Getting into big tech

Resources and advice I give people trying to get into large tech companies as software engineers. None of this is secret knowledge; the value is in having it organized.

What you're preparing for

Big tech interviews (Meta, Apple, Google, Amazon, and the companies that copy their process) typically have two components: a coding interview and a behavioural interview. This post covers both. It does not cover system design, which is a separate topic and typically relevant for non-junior roles.

The coding interview tests your ability to solve algorithmic problems under time pressure. The behavioural interview tests whether you can talk about your past work without making the interviewer regret their career choices.
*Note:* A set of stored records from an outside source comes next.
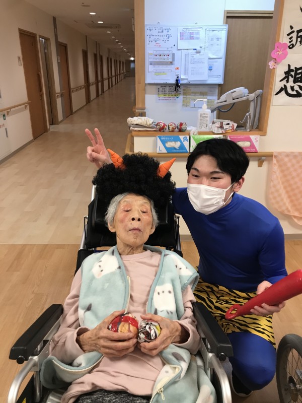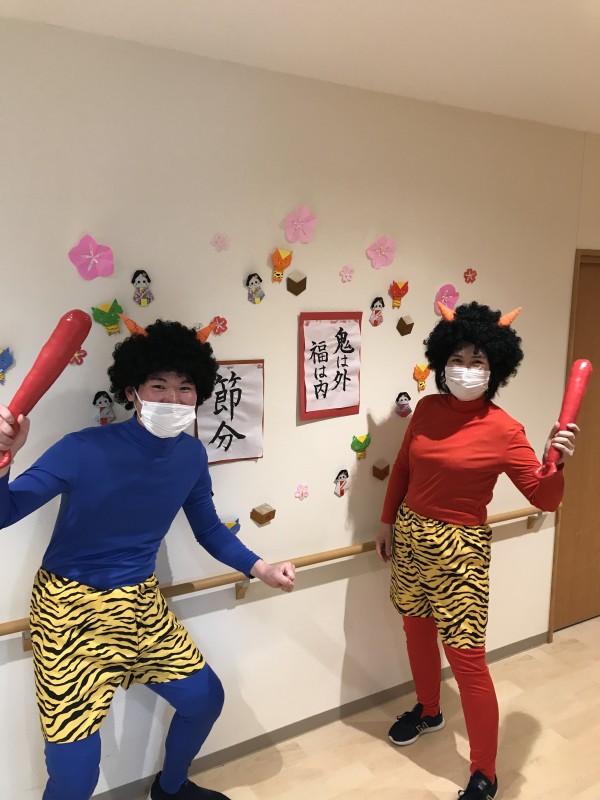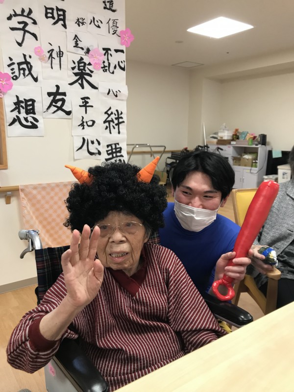 「鬼は〜外!福は〜内」と鬼に豆を投げていました。
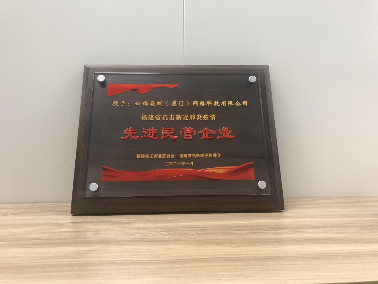 不惧时疫,亦敢为先丨白鸽在线荣获福建省抗击新冠肺炎疫情先进民营企业称号
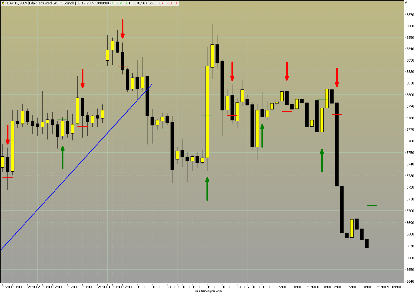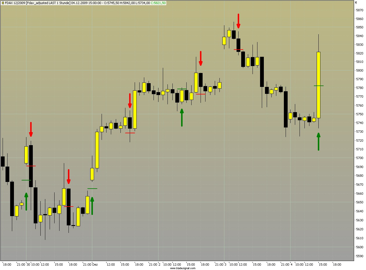 Wow, netter Antritt gerade nach den 14:30 News. Während der Tee kocht lad ich schnell mach den 60min Chart dieser Woche hoch. Bis ich mir über die Exitstrategie absolut im Klaren bin, zeichne ich bei den nicht gehandelten Signalen nur die Entries samt Trigger ein. Zäher Wochenbeginn, dann schöner Longtrade Dienstag Früh, danach aber wieder Magenbeschwerden. Das Shortsignal der 12 Uhr Kerze am Donnerstag war dagegen wie aus dem Bilderbuch, danach lecke ich mir immer alle Finger ab. Was jetzt aus dem gerade getriggerten Kaufsignal wird muss man abwarten. Gewinnmitnahmen unter 5.850 sind aber sicher nicht verkehrt, und den Stopp hätt ich mittlerweile mindestens auf Entry angehoben.
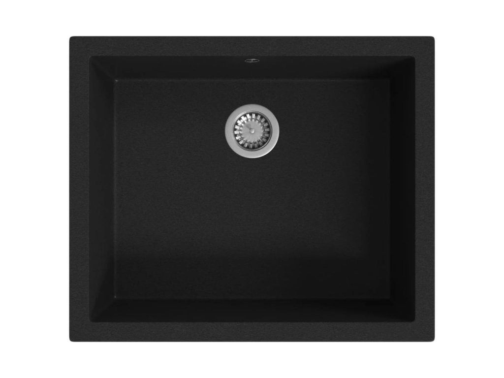 Dřez je vyroben ze žuly, takže výborně vzdoruje teplu, poškrábání a nárazům a také se snadno čistí. Součástí je také sítko pro snadné odstranění nečistot. Přepadový otvor má průměr 90 mm.
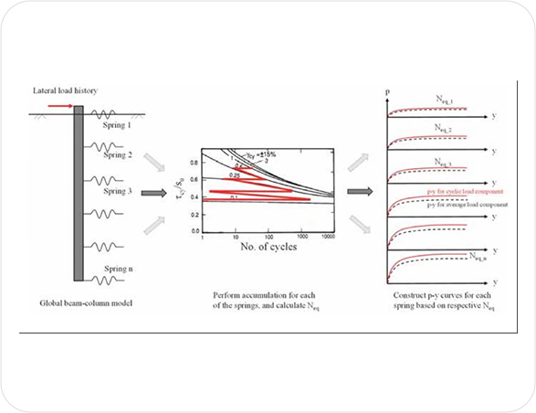 특히 모노파일은 말뚝의 주변마찰력으로 지지되며, 설계수명 동안 반복하중 (파도, 블레이드 등)으로 인해 인접 지반의 강도가 저하되므로 토질역학 분야에서
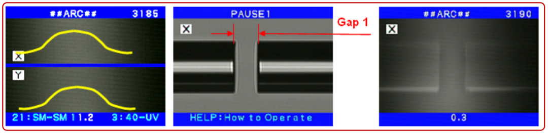 1.测量电弧中心 2.测量光纤端面棱角间隔 3.低功率电弧加热结束
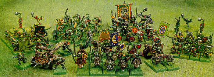 20 Orc Archers, 20 Orc Warriors, 10 Orc Boar Riders, 20 Goblin Archers, 20 Goblin Warriors, 6 Goblin Fanatics, Man Mangler and Chariot
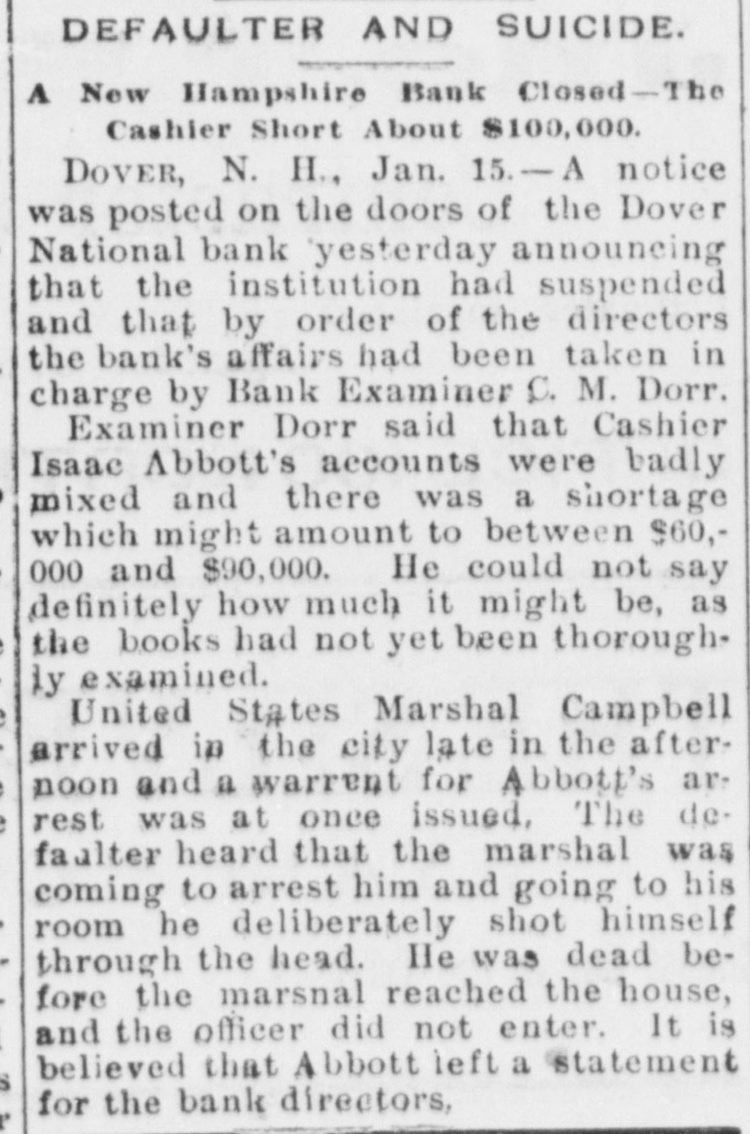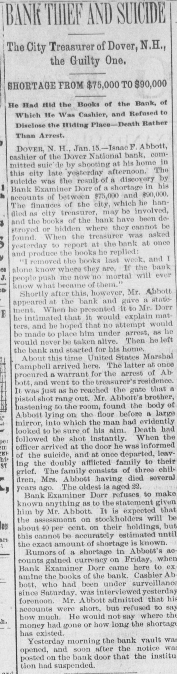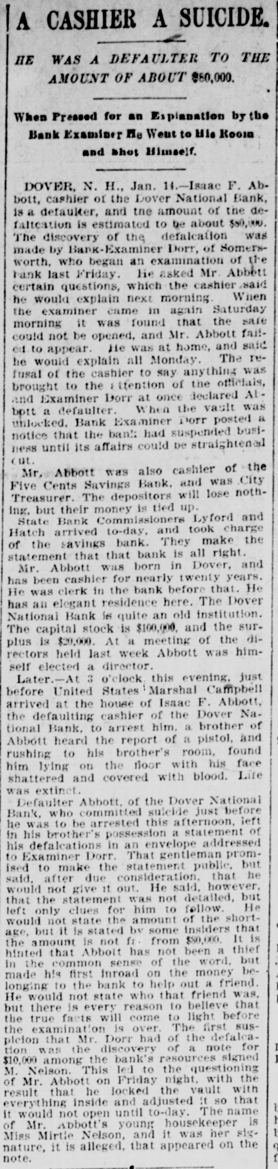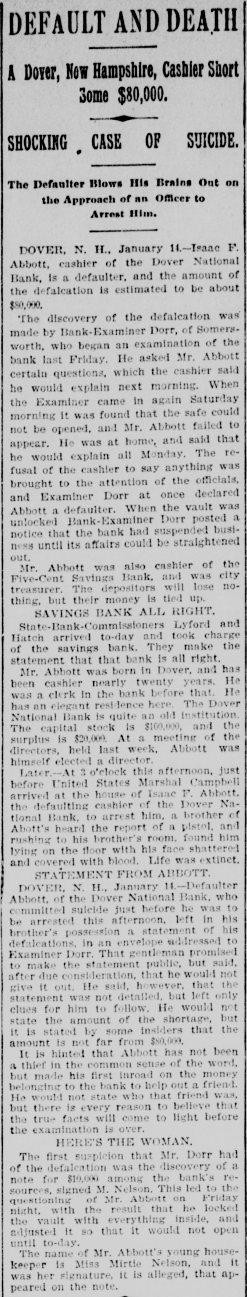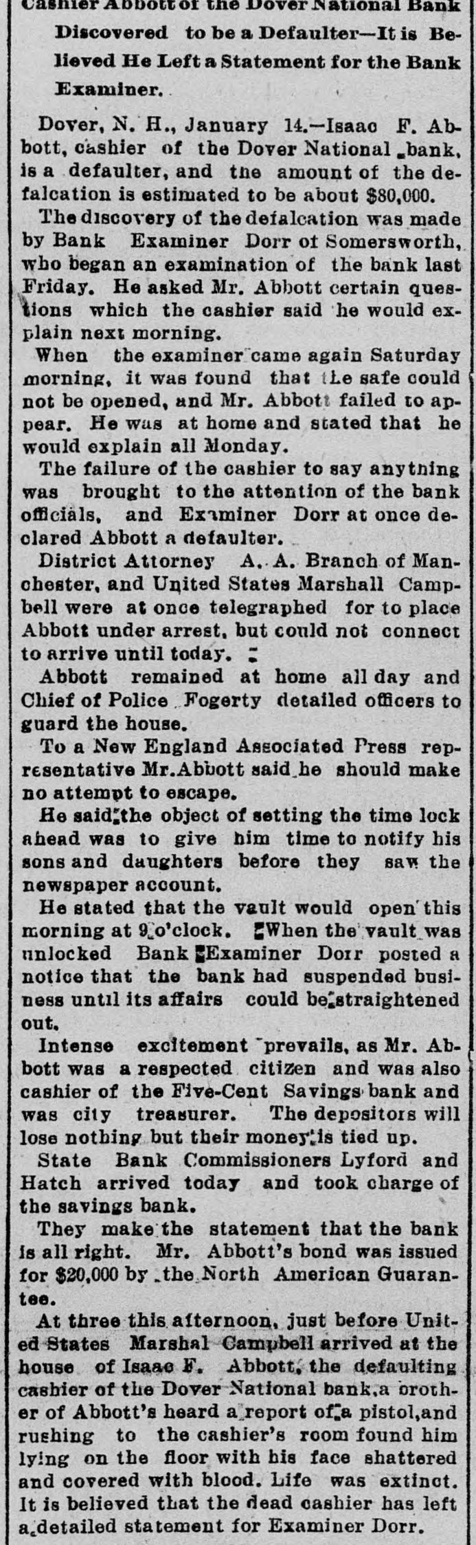 Cashier Dover National Bank Discovered to be a Defaulter-It is Believed He Left a Statement for the Bank Examiner. Dover, N. H., January 14.-Isaac F. Abbott, cashier of the Dover National "bank, is a defaulter, and the amount of the defalcation is estimated to be about $80,000. The discovery of the defalcation was made by Bank Examiner Dorr of Somersworth, who began an examination of the bank last Friday. He asked Mr. Abbott certain questions which the cashier said he would explain next morning. When the examiner came again Saturday morning, it was found that the safe could not be opened, and Mr. Abbott failed to appear. He was at home and stated that he would explain all Monday. The failure of the cashier to say anything was brought to the attention of the bank officials, and Examiner Dorr at once declared Abbott a defaulter. District Attorney A. A. Branch of Manchester, and United States Marshall Campbell were at once telegraphed for to place Abbott under arrest, but could not connect to arrive until today. = Abbott remained at home all day and Chief of Police Fogerty detailed officers to guard the house. To a New England Associated Press representative Mr.Abbott said he should make no attempt to escape. He said"the object of setting the time lock ahead was to give him time to notify his sons and daughters before they saw the newspaper account. He stated that the vault would open this morning at 9.o'clock. =When the vault was unlocked Bank Examiner Doir posted a notice that the bank had suspended business until its affairs could be'straightened out. Intense excitement `prevails, as Mr. Abbott was a respected citizen and was also cashier of the Five-Cent Savings bank and was city treasurer. The depositors will lose nothing but their money'is tied up. State Bank Commissioners Lyford and Hatch arrived today and took charge of the savings bank. They make the statement that the bank is all right. Mr. Abbott's bond was issued for $20,000 by the North American Guarantee. At three this afternoon, just before United States Marshal Camubell arrived at the house of Isaac F. Abbott. the defaulting cashier of the Dover National bank,a orother of Abbott's heard a report ofa pistol,and rushing to the cashier's room found him lying on the floor with his face shattered and covered with blood. Life was extinct. It is believed that the dead cashier has left a.detailed statement for Examiner Dorr.

The coding interview dominates preparation time. Most candidates underestimate the behavioural portion, which is a mistake.

The whole process is an imperfect measure of engineering ability. But it is the process, and it's learnable. The resources below are enough to get through it.

Who can apply

You don't need a CS degree. You don't strictly need a STEM degree either, though it helps. Some evidence that you can code is enough to get your foot in the door. A GitHub profile with personal projects helps, and the bar is lower than you think: Advent of Code solutions, a small bot, some utilities. I got in with a math background and a handful of mediocre repos, for whatever that's worth.

Your CV

CV writing deserves its own post. A few basics:

Write it in LaTeX or Typst, not Word or Google Docs. Structured markup is easier to maintain, produces consistent output, and gives you a source file you can hand to an LLM for editing. On that note: dump everything you can think of into an LLM, relevant or not (past jobs, projects, skills, education, hobbies, whatever), and let it help you draft and iterate. It's good at separating what's relevant from what isn't, and at finding the strongest phrasings. You'll still need to edit the output, but it's a good way to get past the blank page.
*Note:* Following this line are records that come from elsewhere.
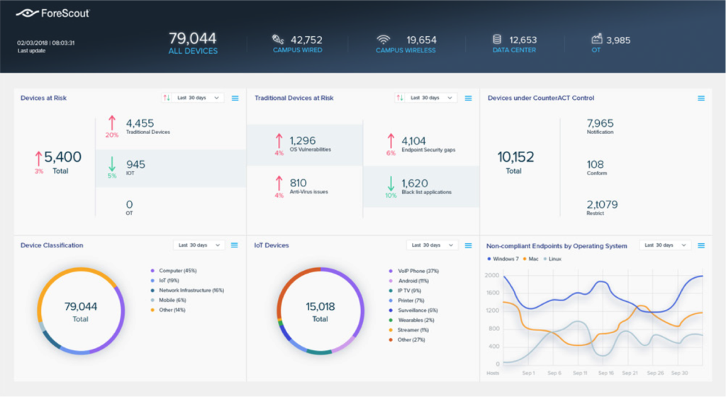 ForeScout cho phép giám sát sự xuất hiện của các Assets mới ngay tại thời điểm chúng được kết nối vào hệ thống mạng bằng các công nghệ chủ động hoặc bị động (active/ passive) để quản trị toàn bộ hệ thống liên tục theo thời gian thực.
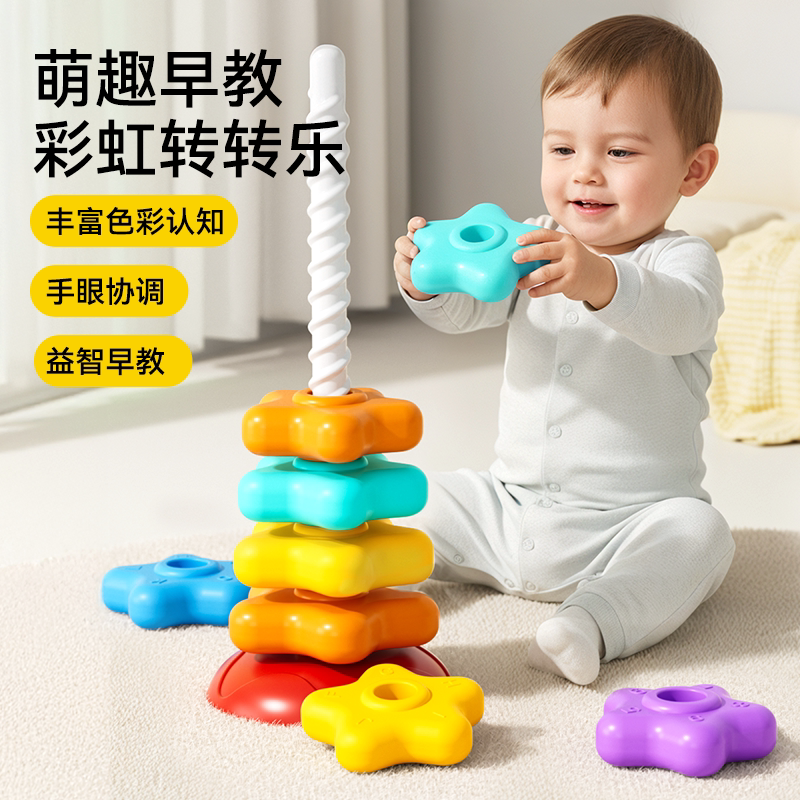 3岁宝宝旋转套圈玩具早教礼物 彩虹转转乐叠叠乐婴幼儿转转塔0
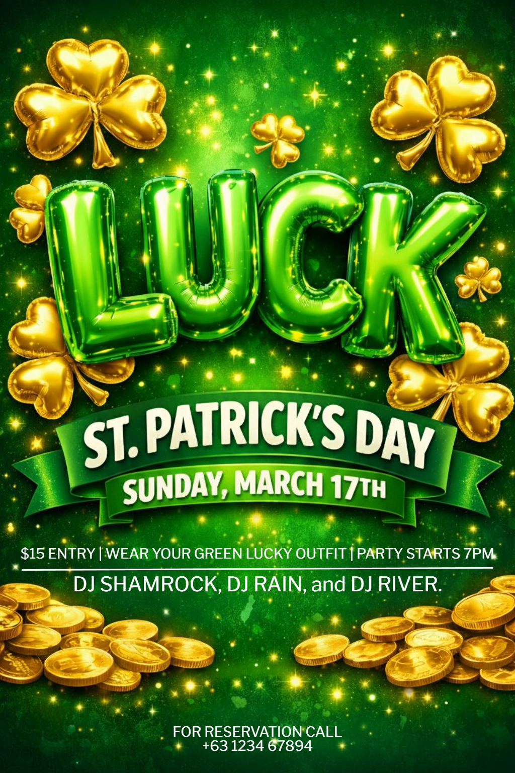 Vibrant St. Patrick's Day Party Flyer with 3D Chrome Luck Poster
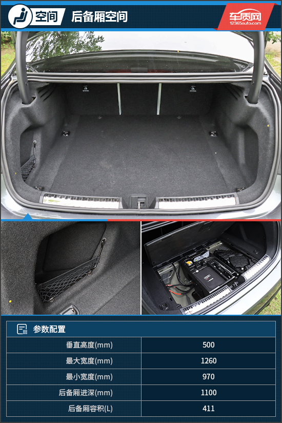 后备厢内部规整,常规状态下可以容纳4个登机箱,左侧还配备了置物网兜,方便放置易于滚动的物品。第二排座椅支持4/6比例放倒,放倒后可以与后备厢地台保持全平,拥有不俗的扩展能力。
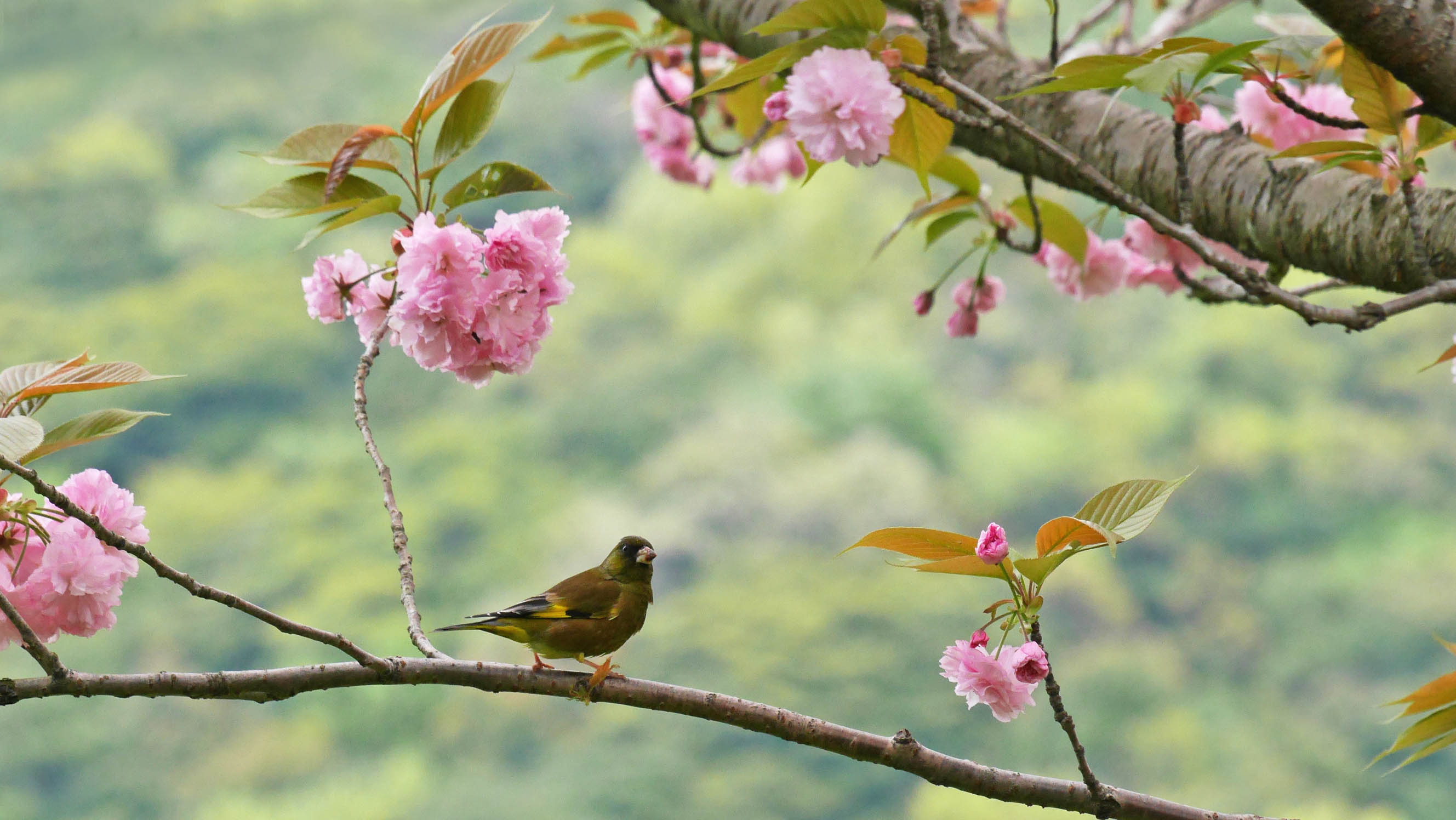 ヤマガラハウスのカワラヒワと八重桜

One warning: make sure the final version sounds like you, not like an LLM. Recruiters and hiring managers are increasingly hostile toward what they perceive as AI-generated prose, and the reaction is not positive. The generic, overenthusiastic tone that LLMs default to ("spearheaded cross-functional initiatives to drive impactful outcomes") reads as lazy at best and dishonest at worst. Use the LLM for structure, ideas, and feedback; rewrite the language yourself.
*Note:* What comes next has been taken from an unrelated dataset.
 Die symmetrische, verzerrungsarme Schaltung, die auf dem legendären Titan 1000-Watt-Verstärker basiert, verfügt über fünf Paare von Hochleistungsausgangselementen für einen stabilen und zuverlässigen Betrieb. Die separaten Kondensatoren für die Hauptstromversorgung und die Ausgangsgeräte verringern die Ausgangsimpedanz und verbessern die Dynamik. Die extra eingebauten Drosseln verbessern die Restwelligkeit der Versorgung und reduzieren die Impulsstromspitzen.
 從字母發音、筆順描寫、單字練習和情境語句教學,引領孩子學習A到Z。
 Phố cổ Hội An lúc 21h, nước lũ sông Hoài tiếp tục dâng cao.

For other tips, see Tech Interview Handbook's resume section.

Getting a referral

Most of these companies have internal referral systems. If a current employee refers you, your application gets more visibility and often moves faster through the pipeline. The good news: employees are generally happy to refer people. Referral bonuses are common, so it's not a one-sided favour. If you know someone at the company, ask. If you don't, LinkedIn works. A cold message explaining what role you're applying for and why has a reasonable success rate.

You don't need to know which team you're targeting; job ads are often generic, and any employee can typically refer you regardless of their own team. The worst they can do is not reply.

Behavioural interview

The behavioural interview is where most engineers do the least preparation and then act surprised when it goes poorly.

Tech Interview Handbook's behavioural section covers the format, common questions, and how to structure your answers. The standard advice applies: use the STAR method (Situation, Task, Action, Result), prepare 4-5 stories that you can adapt to different questions (past jobs, academic projects, music competitions, creative endeavours, volunteer work). Anything where you drove a result counts. Practice saying them out loud. Reading your answers silently is not the same as speaking them.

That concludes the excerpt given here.